The real killer is that despite the blog host being a big name, they didn't give a shit.
That really must have sucked for you, but why should they care? Ex-girlfriends badmouthing ex-boyfriends (and vice-versa) has been going on for years, and how are they supposed to know whether it's true or not?
But without any official, international regulation of this area of the Internet, the damage was done all the same,
So you want the government to stop this? You're not willing to pay hundreds of $$$ to stop this, but you want the government to spend hundreds of $$$ to investigate this? Or do you want every ex-girlfriend who was viciously abused to be silenced by the government, just because some of them lie?
BK, however, is not an open protocol, and not only did Tridge know that, he was also generally aware that there were terms associated with it, and was aware of the "no reverse engineering" clause.
So what you're saying is that anyone who makes a protocol has every right in the world to keep anyone from looking at it. That's a completely unprecedently level of control. Why does any car company use patents; why don't they just tell everyone about their "no reverse engineering" clause?
Even if we live in the fantasy land Tridge lives in where requesting data from a server isn't using the software
My webserver runs one of the websites that you visited today, and my terms of agreement are that you admit you're wrong in this argument. (And how could you know that I'm not telling the truth--there's no way for you to absolutely know what's running on the other end of that HTTP connection.)
Tridge worked on a project that was "fed" by "free as in beer" software from Bitkeeper.
Tridge worked on Linux. Over Tridge's objections, Linus started using BitKeeper. I hardly see how that implies some huge obligation on the part of Tridge. No matter what Linus chooses to do, that can't oblige Tridge to anything.

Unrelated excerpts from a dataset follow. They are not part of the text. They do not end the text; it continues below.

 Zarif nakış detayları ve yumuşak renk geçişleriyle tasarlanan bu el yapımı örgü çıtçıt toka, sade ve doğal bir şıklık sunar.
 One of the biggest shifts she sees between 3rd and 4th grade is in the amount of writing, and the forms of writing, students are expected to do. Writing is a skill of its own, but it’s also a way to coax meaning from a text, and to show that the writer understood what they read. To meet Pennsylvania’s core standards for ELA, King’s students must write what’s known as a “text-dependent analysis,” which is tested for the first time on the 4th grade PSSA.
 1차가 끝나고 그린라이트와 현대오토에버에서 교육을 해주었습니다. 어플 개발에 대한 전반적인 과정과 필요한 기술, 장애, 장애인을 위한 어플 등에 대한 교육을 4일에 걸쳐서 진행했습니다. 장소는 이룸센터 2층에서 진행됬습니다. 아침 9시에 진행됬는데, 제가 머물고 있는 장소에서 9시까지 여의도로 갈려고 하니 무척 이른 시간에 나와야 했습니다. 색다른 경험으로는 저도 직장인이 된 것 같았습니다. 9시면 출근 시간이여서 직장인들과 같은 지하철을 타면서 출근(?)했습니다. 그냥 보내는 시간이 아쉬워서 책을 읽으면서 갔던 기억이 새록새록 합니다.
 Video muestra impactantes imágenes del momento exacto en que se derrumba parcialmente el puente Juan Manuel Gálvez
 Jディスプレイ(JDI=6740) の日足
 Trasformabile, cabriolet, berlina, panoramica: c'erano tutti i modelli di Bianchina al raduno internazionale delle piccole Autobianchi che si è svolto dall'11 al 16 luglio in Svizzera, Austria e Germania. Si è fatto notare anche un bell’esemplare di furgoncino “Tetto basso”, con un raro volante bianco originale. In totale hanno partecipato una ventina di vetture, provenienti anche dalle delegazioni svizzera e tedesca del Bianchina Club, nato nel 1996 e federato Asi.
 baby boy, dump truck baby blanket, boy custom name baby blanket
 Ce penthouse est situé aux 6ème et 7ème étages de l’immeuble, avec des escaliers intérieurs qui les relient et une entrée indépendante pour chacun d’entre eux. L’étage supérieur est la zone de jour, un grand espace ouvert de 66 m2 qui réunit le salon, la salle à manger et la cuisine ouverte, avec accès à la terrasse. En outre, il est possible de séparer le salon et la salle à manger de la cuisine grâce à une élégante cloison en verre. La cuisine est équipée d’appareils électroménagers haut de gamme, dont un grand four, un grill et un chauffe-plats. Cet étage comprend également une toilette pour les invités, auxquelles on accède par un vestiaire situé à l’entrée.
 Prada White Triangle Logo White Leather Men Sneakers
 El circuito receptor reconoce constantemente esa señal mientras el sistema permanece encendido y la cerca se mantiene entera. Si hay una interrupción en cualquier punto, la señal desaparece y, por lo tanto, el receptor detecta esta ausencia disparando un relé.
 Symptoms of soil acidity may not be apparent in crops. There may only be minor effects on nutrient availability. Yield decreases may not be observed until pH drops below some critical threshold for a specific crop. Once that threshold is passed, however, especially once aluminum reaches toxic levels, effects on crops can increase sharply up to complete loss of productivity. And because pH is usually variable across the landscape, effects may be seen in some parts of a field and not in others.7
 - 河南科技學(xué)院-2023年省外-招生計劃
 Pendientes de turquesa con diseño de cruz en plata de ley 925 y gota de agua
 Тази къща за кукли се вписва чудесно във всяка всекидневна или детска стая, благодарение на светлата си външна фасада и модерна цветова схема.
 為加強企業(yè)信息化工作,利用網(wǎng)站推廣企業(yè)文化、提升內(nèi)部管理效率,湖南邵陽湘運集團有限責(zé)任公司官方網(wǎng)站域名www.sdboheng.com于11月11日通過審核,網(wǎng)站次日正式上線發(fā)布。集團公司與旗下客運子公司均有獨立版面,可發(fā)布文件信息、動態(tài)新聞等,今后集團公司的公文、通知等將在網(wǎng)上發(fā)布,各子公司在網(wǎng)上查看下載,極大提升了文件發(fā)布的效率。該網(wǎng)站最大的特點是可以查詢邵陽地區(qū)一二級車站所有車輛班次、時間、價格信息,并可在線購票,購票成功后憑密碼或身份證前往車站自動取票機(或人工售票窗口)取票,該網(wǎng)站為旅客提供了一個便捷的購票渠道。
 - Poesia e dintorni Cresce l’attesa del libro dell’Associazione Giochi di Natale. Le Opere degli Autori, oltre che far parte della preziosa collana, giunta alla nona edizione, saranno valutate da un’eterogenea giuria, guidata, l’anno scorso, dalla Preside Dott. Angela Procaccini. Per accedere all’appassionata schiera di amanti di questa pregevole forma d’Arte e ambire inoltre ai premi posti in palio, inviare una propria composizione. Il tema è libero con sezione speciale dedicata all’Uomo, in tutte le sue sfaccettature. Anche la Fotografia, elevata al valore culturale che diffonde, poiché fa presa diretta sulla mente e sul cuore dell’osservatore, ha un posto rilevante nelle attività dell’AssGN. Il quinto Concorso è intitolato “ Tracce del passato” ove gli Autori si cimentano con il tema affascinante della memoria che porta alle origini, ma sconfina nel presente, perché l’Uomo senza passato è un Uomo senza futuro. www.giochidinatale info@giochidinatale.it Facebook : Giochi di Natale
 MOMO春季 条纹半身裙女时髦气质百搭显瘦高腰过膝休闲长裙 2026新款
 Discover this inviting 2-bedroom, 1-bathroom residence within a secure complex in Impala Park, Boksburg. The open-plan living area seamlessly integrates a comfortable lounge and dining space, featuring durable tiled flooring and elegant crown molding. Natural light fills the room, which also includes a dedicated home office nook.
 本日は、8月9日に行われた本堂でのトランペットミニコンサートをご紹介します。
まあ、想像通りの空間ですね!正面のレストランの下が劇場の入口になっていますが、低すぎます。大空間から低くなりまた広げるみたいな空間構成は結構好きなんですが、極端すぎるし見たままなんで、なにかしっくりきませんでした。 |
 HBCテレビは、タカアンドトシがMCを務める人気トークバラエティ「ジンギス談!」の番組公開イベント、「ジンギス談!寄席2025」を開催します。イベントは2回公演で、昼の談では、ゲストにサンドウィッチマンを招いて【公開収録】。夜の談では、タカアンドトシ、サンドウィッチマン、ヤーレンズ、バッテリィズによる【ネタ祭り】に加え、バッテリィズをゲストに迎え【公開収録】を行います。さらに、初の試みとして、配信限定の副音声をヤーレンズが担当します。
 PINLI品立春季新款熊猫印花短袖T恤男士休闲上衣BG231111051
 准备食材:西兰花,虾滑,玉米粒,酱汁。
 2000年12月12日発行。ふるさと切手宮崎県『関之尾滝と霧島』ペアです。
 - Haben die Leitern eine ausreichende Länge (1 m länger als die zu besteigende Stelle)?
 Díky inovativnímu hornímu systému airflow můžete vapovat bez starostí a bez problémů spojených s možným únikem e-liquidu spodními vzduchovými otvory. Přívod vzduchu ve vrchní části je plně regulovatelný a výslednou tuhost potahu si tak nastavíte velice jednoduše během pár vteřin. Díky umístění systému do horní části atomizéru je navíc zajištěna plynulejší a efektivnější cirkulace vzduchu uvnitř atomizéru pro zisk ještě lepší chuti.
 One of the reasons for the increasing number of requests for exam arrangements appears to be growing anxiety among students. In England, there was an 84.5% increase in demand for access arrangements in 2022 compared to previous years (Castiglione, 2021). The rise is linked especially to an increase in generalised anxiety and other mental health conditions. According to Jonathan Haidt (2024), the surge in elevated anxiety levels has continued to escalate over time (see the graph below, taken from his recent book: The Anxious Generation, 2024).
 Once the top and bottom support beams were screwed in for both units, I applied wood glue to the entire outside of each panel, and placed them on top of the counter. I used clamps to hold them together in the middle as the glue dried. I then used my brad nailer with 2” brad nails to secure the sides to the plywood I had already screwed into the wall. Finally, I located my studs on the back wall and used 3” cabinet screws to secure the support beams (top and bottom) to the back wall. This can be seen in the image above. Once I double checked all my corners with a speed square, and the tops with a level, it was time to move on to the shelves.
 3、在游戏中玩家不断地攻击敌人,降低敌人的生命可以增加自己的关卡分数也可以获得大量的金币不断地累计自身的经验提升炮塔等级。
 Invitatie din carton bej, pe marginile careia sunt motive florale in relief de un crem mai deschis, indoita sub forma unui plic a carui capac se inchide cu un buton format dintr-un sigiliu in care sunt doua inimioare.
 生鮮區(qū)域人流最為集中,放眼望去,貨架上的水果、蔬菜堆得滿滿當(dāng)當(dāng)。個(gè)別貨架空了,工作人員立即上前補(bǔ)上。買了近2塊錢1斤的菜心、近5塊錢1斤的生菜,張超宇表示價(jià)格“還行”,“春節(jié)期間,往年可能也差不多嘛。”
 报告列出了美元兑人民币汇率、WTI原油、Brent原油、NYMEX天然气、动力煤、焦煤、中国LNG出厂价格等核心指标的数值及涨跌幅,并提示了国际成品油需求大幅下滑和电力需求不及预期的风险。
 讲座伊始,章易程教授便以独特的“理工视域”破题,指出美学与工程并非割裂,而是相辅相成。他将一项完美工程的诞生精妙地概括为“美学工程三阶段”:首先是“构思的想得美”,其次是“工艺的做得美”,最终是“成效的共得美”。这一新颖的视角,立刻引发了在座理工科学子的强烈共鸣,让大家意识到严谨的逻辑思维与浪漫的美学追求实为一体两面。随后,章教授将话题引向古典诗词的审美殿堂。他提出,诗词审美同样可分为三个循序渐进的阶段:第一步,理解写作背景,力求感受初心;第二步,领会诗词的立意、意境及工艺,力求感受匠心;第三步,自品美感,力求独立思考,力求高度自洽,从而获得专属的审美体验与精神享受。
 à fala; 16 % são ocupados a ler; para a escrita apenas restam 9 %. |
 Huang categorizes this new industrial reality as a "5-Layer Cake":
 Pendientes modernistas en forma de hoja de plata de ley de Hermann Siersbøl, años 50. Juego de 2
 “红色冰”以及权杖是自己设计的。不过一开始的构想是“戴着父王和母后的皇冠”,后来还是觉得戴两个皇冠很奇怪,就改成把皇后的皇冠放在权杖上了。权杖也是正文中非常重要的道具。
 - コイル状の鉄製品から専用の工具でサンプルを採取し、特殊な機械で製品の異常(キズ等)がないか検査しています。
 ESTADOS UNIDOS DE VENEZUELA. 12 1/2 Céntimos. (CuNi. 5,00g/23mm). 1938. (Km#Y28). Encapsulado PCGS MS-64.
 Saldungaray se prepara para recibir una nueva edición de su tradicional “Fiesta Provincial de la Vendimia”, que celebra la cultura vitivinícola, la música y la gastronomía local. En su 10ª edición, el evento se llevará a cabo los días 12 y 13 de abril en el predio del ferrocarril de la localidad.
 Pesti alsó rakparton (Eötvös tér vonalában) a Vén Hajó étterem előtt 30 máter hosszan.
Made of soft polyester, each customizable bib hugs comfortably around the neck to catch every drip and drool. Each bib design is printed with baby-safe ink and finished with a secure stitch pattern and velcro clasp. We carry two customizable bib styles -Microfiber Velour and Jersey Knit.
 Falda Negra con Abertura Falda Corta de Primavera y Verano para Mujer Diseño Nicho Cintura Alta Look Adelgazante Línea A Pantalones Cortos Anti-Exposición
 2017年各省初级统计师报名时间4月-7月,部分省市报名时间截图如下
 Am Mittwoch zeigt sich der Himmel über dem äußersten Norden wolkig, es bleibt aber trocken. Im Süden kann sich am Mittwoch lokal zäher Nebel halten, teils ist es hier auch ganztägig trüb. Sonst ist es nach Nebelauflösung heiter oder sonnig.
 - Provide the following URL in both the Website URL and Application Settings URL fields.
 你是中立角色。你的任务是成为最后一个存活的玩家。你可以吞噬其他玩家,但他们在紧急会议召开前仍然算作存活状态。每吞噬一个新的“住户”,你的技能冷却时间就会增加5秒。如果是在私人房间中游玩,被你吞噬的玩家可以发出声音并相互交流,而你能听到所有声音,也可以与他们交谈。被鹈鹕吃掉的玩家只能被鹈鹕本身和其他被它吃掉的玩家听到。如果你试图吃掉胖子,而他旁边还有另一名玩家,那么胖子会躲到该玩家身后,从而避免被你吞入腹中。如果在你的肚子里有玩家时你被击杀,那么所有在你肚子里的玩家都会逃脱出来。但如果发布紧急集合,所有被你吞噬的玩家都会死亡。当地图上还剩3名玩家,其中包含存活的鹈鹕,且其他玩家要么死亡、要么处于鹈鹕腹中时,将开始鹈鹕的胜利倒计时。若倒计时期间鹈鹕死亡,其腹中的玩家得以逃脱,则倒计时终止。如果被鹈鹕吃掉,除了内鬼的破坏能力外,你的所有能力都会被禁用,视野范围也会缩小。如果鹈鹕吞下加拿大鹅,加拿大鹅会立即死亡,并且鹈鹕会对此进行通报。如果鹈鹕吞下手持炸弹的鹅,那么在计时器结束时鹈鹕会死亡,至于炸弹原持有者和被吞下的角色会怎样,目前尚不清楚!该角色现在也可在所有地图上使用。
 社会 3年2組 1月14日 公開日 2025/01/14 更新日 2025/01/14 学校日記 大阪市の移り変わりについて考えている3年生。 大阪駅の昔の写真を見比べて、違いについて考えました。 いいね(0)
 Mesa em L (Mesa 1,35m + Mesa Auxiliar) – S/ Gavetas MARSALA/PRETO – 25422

Note that it doesn't have any reference to licenses. Licensing is not an issue.
It doesn't have any reference to Tridge, either. Tridge didn't accept anything, nor was he fed by BitKeeper.
Obviously McVoy doesn't want someone else to produce a tool with the same features as BK, but he has never said there is any reason why they shouldn't. All he's done is tried to stop them using the free version of BK to do so.
That's not true; he has stopped people from using the free version of BK when they were working on Subversion, even though they weren't using BK in their work on Subversion, nor implementing anything in Subversion that wasn't common knowledge in the SCM world outside of BitKeeper.
You can compete with me, but you can't do so by riding on my coat-tails.
The specifications for Unix operating systems are well known and publically available.
So? Does that mean that Linus wasn't riding on Unix's coattails when he copied Unix?
Do you think that Larry really would have been happy if someone made well-known and publically available specifications and Tridge was just copying them? Larry didn't want another BitKeeper out there, however it was copied.
Strictly speaking, linux was an independent implementation of POSIX, not Unix(TM).
There are a number of cases that Linux supports BSDisms or SysVisms that aren't listed in POSIX. It is probably as compatible or incompatible with real Unix as with POSIX.
After RTFA, what I get is, if you reverse engineer BK, learn how it works, and implement something that's not plugged into BK's network, and compete with McVoy, he's fine with it.
His license has at times prohibited people who work on Subversion, which doesn't interface with BitKeeper at all and is an entirely different style of SCM than BitKeeper, from getting a free license. He doesn't seem to like competition at all.